Because the entries hold pictures, reproduce only their words, exactly as written.

(Recorded data)
►
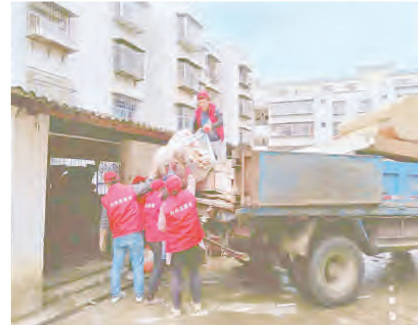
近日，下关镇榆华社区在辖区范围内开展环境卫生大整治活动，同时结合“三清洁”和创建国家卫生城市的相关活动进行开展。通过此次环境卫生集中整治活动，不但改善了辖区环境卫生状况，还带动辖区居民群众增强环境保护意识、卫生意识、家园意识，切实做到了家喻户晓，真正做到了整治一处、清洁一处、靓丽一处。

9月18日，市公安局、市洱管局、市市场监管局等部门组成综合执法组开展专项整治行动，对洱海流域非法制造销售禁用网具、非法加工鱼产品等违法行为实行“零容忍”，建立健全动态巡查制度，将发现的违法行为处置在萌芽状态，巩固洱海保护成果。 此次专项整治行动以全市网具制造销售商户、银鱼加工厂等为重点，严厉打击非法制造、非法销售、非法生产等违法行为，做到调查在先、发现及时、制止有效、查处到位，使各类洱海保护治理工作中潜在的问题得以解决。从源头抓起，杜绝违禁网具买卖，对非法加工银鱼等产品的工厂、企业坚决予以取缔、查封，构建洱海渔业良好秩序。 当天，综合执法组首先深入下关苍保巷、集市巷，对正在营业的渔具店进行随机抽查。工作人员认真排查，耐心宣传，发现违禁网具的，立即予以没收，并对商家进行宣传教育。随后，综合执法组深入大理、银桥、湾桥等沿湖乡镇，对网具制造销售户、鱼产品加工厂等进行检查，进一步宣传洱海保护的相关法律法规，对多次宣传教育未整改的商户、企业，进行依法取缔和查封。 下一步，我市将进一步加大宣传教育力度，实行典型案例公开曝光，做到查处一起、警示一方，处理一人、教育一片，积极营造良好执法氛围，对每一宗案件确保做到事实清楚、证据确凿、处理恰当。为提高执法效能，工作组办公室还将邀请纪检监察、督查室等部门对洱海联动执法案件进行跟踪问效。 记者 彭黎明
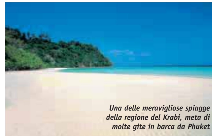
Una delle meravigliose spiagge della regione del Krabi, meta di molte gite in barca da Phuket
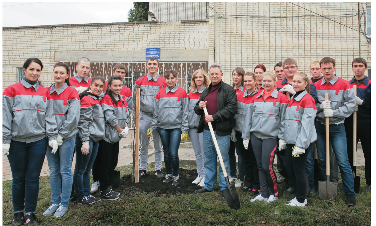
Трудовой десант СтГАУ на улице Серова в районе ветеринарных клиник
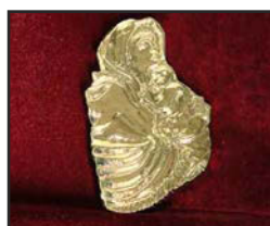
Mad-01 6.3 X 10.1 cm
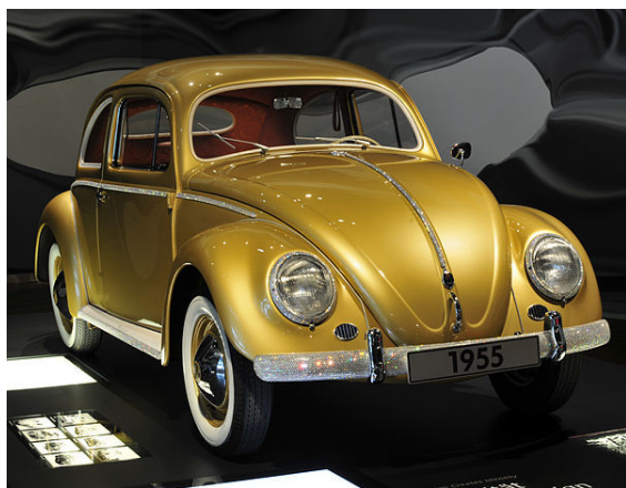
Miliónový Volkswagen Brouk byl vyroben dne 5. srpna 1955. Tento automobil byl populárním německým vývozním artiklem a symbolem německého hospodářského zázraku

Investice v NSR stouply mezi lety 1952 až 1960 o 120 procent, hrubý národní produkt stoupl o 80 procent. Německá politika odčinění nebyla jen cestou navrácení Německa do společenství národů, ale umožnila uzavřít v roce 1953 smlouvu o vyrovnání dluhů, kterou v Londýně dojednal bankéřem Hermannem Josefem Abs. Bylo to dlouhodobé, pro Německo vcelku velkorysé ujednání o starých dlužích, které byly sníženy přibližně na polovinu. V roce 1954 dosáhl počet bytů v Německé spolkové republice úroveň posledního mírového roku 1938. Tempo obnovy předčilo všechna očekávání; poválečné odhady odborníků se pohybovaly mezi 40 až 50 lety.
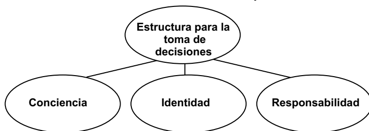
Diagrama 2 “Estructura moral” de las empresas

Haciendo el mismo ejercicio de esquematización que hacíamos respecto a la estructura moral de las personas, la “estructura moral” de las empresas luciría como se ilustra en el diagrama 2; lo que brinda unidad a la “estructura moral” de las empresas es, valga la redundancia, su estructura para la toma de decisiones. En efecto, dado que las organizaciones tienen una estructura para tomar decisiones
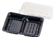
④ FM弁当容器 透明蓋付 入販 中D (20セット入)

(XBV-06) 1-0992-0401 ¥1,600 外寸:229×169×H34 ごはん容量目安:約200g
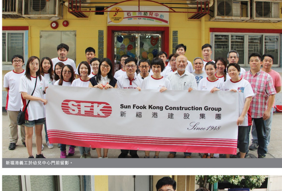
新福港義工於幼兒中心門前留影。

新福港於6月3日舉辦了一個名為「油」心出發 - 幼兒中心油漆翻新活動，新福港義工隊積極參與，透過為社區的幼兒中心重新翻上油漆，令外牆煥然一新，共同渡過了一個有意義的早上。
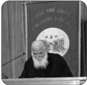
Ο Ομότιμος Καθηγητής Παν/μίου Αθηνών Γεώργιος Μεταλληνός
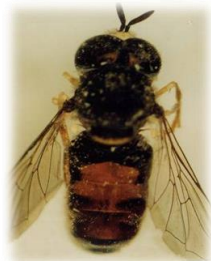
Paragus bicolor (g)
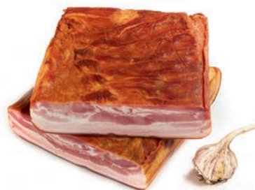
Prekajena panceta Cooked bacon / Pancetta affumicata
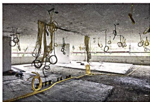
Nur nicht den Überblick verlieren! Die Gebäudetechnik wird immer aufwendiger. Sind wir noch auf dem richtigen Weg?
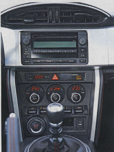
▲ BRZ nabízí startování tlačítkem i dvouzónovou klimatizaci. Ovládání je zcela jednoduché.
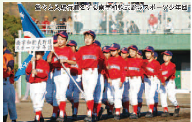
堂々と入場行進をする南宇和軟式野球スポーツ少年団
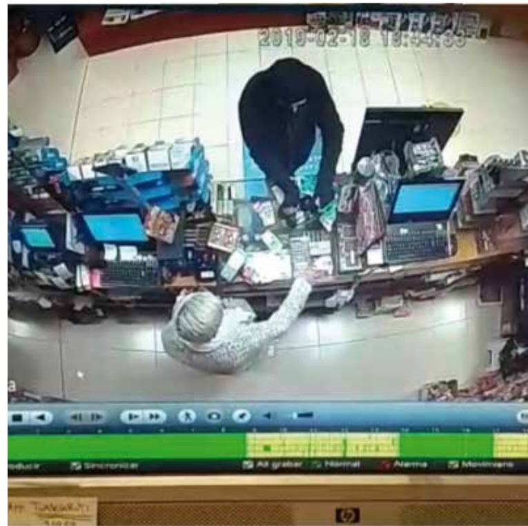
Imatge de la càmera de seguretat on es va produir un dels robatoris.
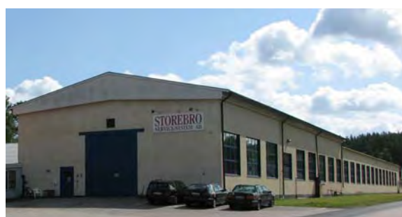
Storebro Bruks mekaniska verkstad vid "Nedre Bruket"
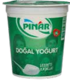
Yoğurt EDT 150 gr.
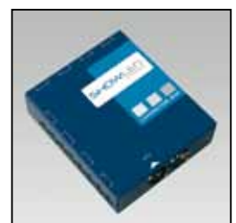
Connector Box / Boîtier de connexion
◄
• YOUR RESPONSE
近日，下关镇榆华社区在辖区范围内开展环境卫生大整治活动，同时结合“三清洁”和创建国家卫生城市的相关活动进行开展。通过此次环境卫生集中整治活动，不但改善了辖区环境卫生状况，还带动辖区居民群众增强环境保护意识、卫生意识、家园意识，切实做到了家喻户晓，真正做到了整治一处、清洁一处、靓丽一处。

9月18日，市公安局、市洱管局、市市场监管局等部门组成综合执法组开展专项整治行动，对洱海流域非法制造销售禁用网具、非法加工鱼产品等违法行为实行“零容忍”，建立健全动态巡查制度，将发现的违法行为处置在萌芽状态，巩固洱海保护成果。 此次专项整治行动以全市网具制造销售商户、银鱼加工厂等为重点，严厉打击非法制造、非法销售、非法生产等违法行为，做到调查在先、发现及时、制止有效、查处到位，使各类洱海保护治理工作中潜在的问题得以解决。从源头抓起，杜绝违禁网具买卖，对非法加工银鱼等产品的工厂、企业坚决予以取缔、查封，构建洱海渔业良好秩序。 当天，综合执法组首先深入下关苍保巷、集市巷，对正在营业的渔具店进行随机抽查。工作人员认真排查，耐心宣传，发现违禁网具的，立即予以没收，并对商家进行宣传教育。随后，综合执法组深入大理、银桥、湾桥等沿湖乡镇，对网具制造销售户、鱼产品加工厂等进行检查，进一步宣传洱海保护的相关法律法规，对多次宣传教育未整改的商户、企业，进行依法取缔和查封。 下一步，我市将进一步加大宣传教育力度，实行典型案例公开曝光，做到查处一起、警示一方，处理一人、教育一片，积极营造良好执法氛围，对每一宗案件确保做到事实清楚、证据确凿、处理恰当。为提高执法效能，工作组办公室还将邀请纪检监察、督查室等部门对洱海联动执法案件进行跟踪问效。 记者 彭黎明
Una delle meravigliose spiagge della regione del Krabi, meta di molte gite in barca da Phuket
Трудовой десант СтГАУ на улице Серова в районе ветеринарных клиник
Mad-01 6.3 X 10.1 cm
Miliónový Volkswagen Brouk byl vyroben dne 5. srpna 1955. Tento automobil byl populárním německým vývozním artiklem a symbolem německého hospodářského zázraku

Investice v NSR stouply mezi lety 1952 až 1960 o 120 procent, hrubý národní produkt stoupl o 80 procent. Německá politika odčinění nebyla jen cestou navrácení Německa do společenství národů, ale umožnila uzavřít v roce 1953 smlouvu o vyrovnání dluhů, kterou v Londýně dojednal bankéřem Hermannem Josefem Abs. Bylo to dlouhodobé, pro Německo vcelku velkorysé ujednání o starých dlužích, které byly sníženy přibližně na polovinu. V roce 1954 dosáhl počet bytů v Německé spolkové republice úroveň posledního mírového roku 1938. Tempo obnovy předčilo všechna očekávání; poválečné odhady odborníků se pohybovaly mezi 40 až 50 lety.
Diagrama 2 “Estructura moral” de las empresas

Haciendo el mismo ejercicio de esquematización que hacíamos respecto a la estructura moral de las personas, la “estructura moral” de las empresas luciría como se ilustra en el diagrama 2; lo que brinda unidad a la “estructura moral” de las empresas es, valga la redundancia, su estructura para la toma de decisiones. En efecto, dado que las organizaciones tienen una estructura para tomar decisiones
④ FM弁当容器 透明蓋付 入販 中D (20セット入)

(XBV-06) 1-0992-0401 ¥1,600 外寸:229×169×H34 ごはん容量目安:約200g
新福港義工於幼兒中心門前留影。

新福港於6月3日舉辦了一個名為「油」心出發 - 幼兒中心油漆翻新活動，新福港義工隊積極參與，透過為社區的幼兒中心重新翻上油漆，令外牆煥然一新，共同渡過了一個有意義的早上。
Ο Ομότιμος Καθηγητής Παν/μίου Αθηνών Γεώργιος Μεταλληνός
Paragus bicolor (g)
Prekajena panceta Cooked bacon / Pancetta affumicata
Nur nicht den Überblick verlieren! Die Gebäudetechnik wird immer aufwendiger. Sind wir noch auf dem richtigen Weg?
▲ BRZ nabízí startování tlačítkem i dvouzónovou klimatizaci. Ovládání je zcela jednoduché.
堂々と入場行進をする南宇和軟式野球スポーツ少年団
Imatge de la càmera de seguretat on es va produir un dels robatoris.
Storebro Bruks mekaniska verkstad vid "Nedre Bruket"
Yoğurt EDT 150 gr.
Connector Box / Boîtier de connexion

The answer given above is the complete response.